The response should repeat word for word every line below from the one with "Комплект женский, состоящий" to the one with "Verschroben, verschoben, verwoben", inclusive, and nothing else; leave pictures out.

*** GIVEN DATA Section Begins ***

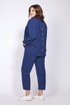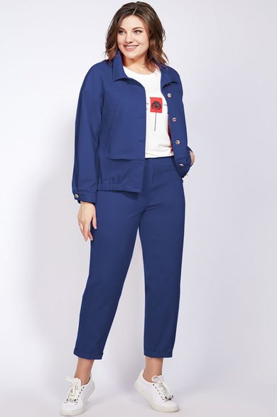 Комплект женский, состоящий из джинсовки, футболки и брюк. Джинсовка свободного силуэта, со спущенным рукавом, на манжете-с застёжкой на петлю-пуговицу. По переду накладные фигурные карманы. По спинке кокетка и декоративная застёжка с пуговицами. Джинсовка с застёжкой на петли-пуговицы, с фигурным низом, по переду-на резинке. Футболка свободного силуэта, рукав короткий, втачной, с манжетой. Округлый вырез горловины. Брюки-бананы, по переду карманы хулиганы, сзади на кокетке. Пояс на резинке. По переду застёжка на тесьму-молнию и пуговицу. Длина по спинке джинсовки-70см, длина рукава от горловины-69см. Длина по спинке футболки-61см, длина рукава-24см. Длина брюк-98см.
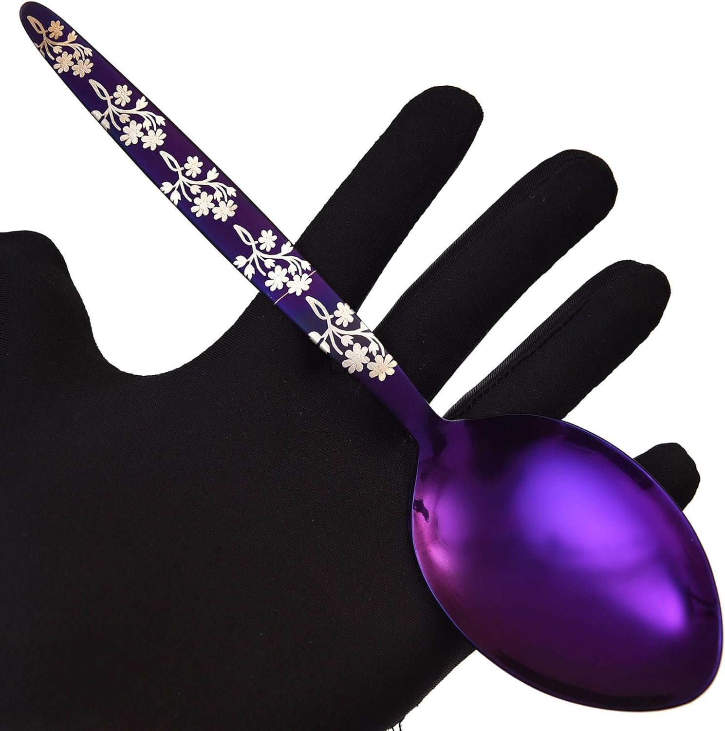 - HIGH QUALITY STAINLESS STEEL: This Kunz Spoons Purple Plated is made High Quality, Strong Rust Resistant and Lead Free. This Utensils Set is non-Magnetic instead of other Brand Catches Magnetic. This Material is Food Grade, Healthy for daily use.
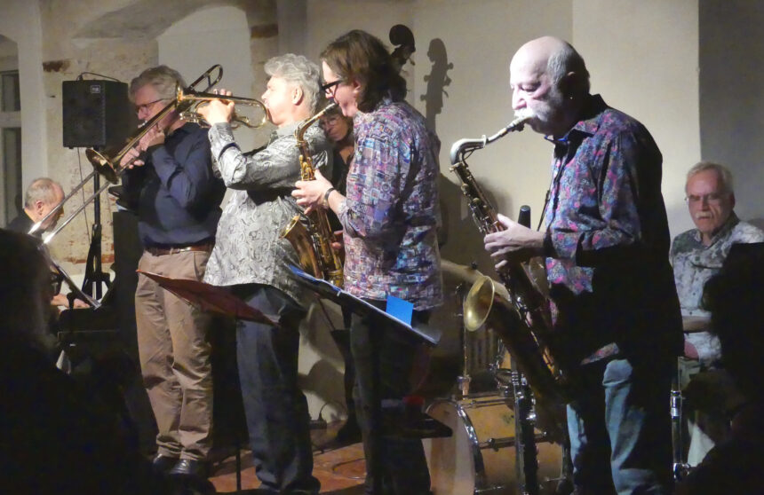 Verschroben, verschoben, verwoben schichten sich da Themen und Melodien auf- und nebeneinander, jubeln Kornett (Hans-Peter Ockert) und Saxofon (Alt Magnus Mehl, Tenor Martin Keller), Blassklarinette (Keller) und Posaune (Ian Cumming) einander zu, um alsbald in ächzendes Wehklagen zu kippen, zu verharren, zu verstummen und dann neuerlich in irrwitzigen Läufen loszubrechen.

*** GIVEN DATA Section Ends ***
*** GIVEN DATA Section Begins ***

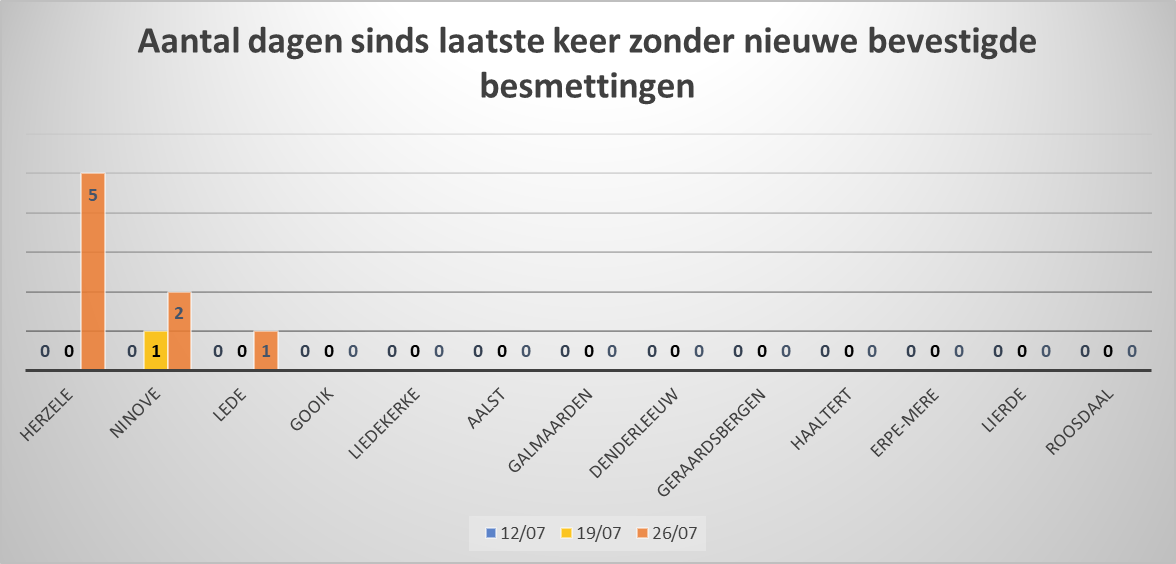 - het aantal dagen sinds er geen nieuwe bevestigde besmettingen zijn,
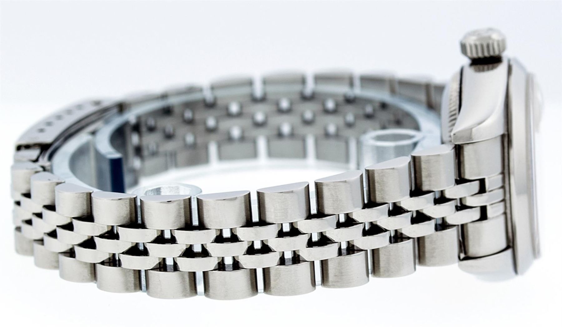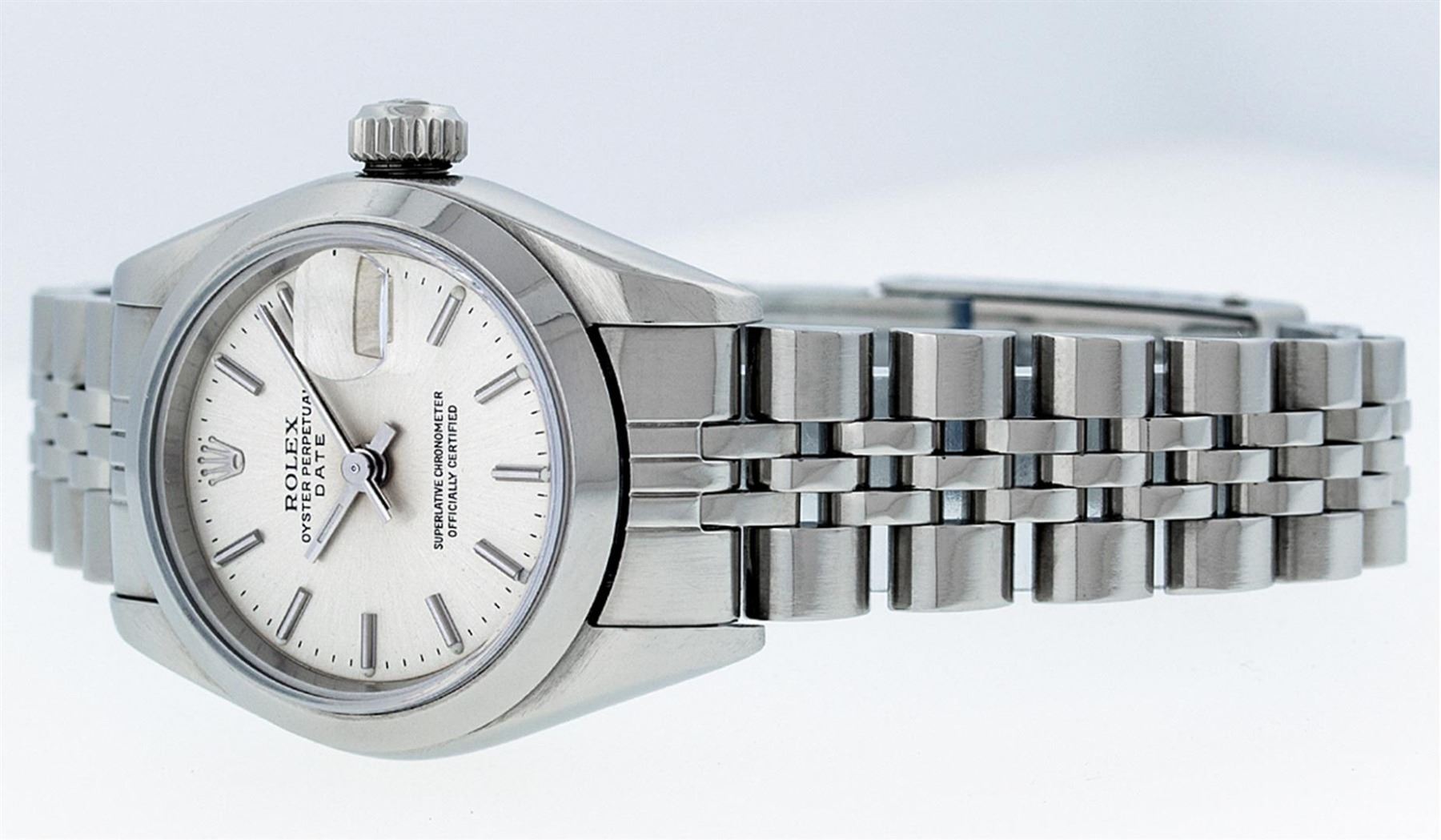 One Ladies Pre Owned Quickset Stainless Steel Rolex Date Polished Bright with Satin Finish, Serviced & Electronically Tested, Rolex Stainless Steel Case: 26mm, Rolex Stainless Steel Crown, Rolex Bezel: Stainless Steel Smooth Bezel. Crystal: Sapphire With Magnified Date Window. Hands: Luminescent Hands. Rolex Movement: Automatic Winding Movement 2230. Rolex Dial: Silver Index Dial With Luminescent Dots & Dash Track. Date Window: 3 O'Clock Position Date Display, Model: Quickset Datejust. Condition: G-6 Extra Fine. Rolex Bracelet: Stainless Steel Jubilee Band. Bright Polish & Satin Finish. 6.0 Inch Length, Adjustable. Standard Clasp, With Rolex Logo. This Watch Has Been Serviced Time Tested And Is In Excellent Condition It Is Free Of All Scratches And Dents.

*** GIVEN DATA Section Ends ***
*** GIVEN DATA Section Begins ***

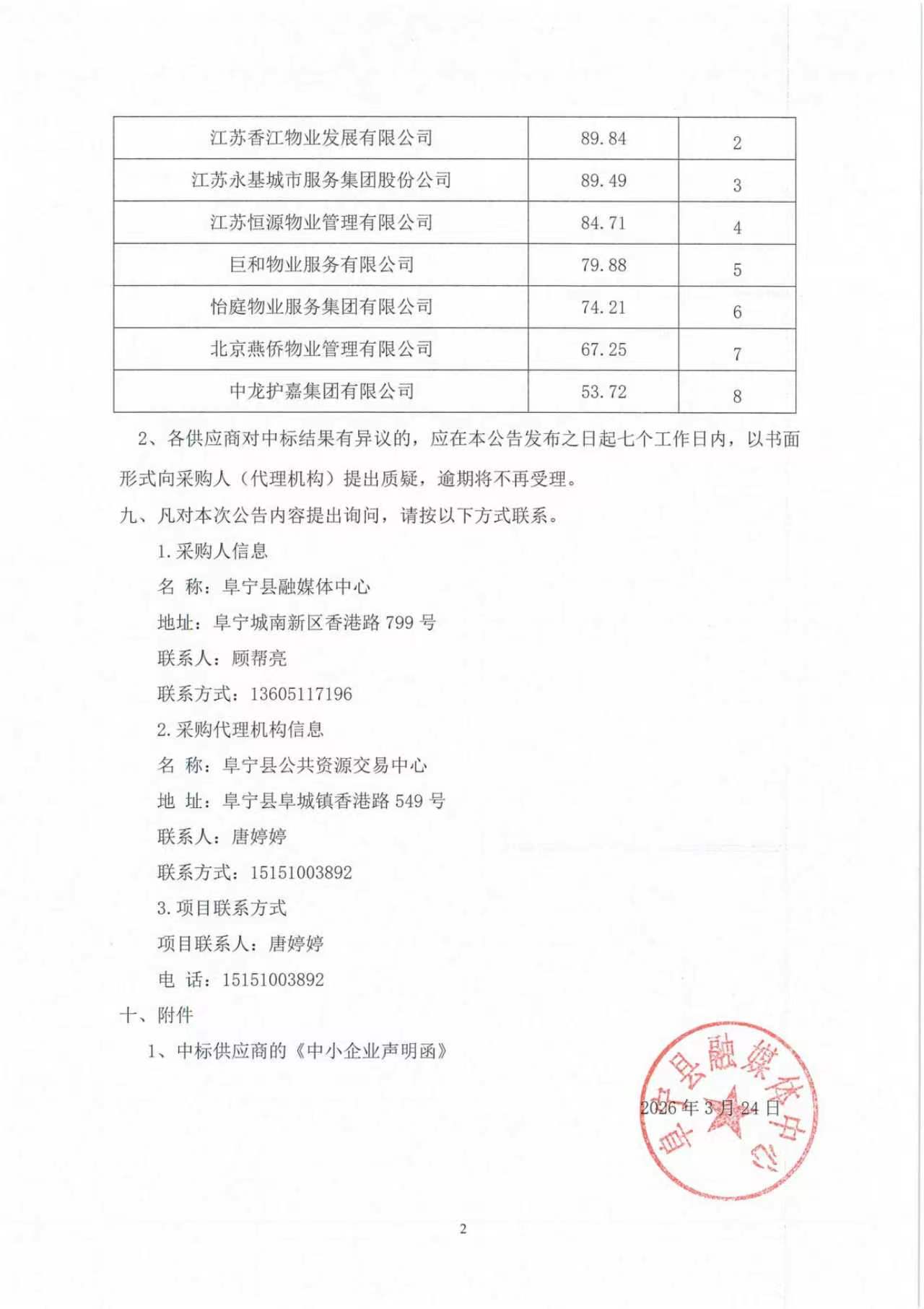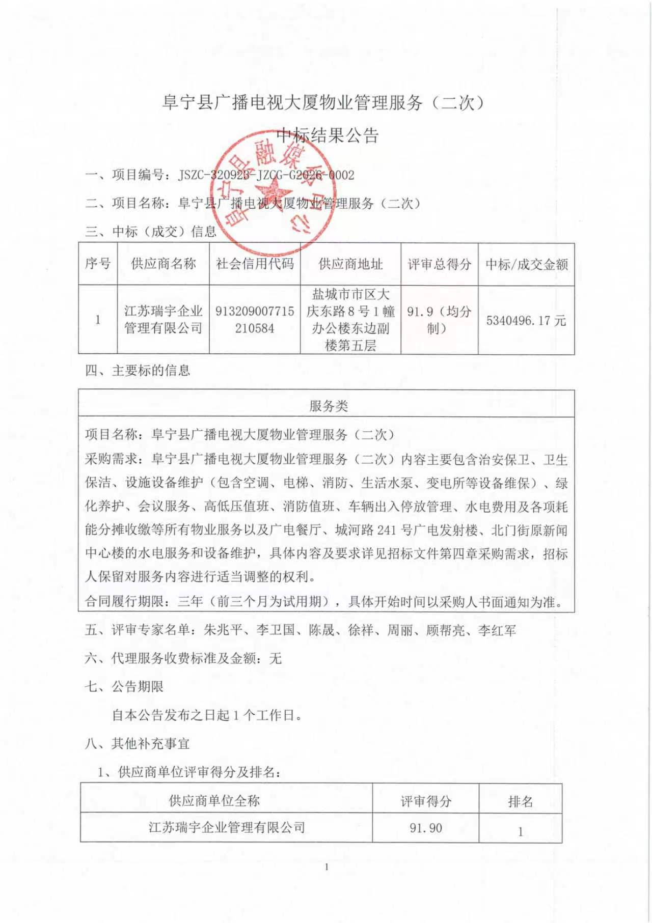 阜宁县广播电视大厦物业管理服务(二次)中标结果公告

*** GIVEN DATA Section Ends ***

#### [EXERCISE SOLUTION]
 Комплект женский, состоящий из джинсовки, футболки и брюк. Джинсовка свободного силуэта, со спущенным рукавом, на манжете-с застёжкой на петлю-пуговицу. По переду накладные фигурные карманы. По спинке кокетка и декоративная застёжка с пуговицами. Джинсовка с застёжкой на петли-пуговицы, с фигурным низом, по переду-на резинке. Футболка свободного силуэта, рукав короткий, втачной, с манжетой. Округлый вырез горловины. Брюки-бананы, по переду карманы хулиганы, сзади на кокетке. Пояс на резинке. По переду застёжка на тесьму-молнию и пуговицу. Длина по спинке джинсовки-70см, длина рукава от горловины-69см. Длина по спинке футболки-61см, длина рукава-24см. Длина брюк-98см.
 - HIGH QUALITY STAINLESS STEEL: This Kunz Spoons Purple Plated is made High Quality, Strong Rust Resistant and Lead Free. This Utensils Set is non-Magnetic instead of other Brand Catches Magnetic. This Material is Food Grade, Healthy for daily use.
 Verschroben, verschoben, verwoben schichten sich da Themen und Melodien auf- und nebeneinander, jubeln Kornett (Hans-Peter Ockert) und Saxofon (Alt Magnus Mehl, Tenor Martin Keller), Blassklarinette (Keller) und Posaune (Ian Cumming) einander zu, um alsbald in ächzendes Wehklagen zu kippen, zu verharren, zu verstummen und dann neuerlich in irrwitzigen Läufen loszubrechen.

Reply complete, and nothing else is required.